Steve Clarke telah menyelesaikan susunan 26 pemain Skotlandia untuk Piala Dunia 2026, dengan masuknya kiper berusia 43 tahun, Craig Gordon, yang menjadi sorotan dunia sepak bola. Konfirmasi resmi dari FIFA dan Asosiasi Sepak Bola Skotlandia mengungkapkan bahwa kiper veteran Hearts itu mengamankan tempatnya di pesawat menuju Amerika Utara meskipun mengalami cedera di kompetisi domestik dan minimnya menit bermain. Pemilihannya menandai kembalinya yang sensasional ke panggung global saat Skotlandia bersiap untuk penampilan pertamanya di putaran final Piala Dunia sejak Prancis 1998.

Pengumuman skuad, yang disampaikan pada 19 Mei 2026, datang hanya beberapa minggu sebelum turnamen dimulai di Amerika Serikat, Kanada, dan Meksiko.
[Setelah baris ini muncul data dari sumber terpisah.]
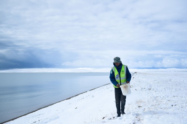 2021年10月20日,在青海省果洛藏族自治州玛多县扎陵湖乡勒那村,三江源国家公园黄河源园区生态管护员在扎陵湖边捡拾垃圾。新华社记者张龙 摄

Tergabung dalam Grup C yang menantang, Tartan Army akan menghadapi Haiti, Maroko, dan tim unggulan turnamen, Brasil. Jadwal FIFA menempatkan Skotlandia memainkan dua pertandingan pembuka mereka di Boston sebelum pindah ke selatan menuju Miami. Bagi sebuah negara yang dipimpin oleh Clarke melalui era modernnya yang paling sukses, finalisasi daftar pemain mengakhiri spekulasi selama berbulan-bulan dan memulai fase terakhir dari persiapan turnamen yang intensif.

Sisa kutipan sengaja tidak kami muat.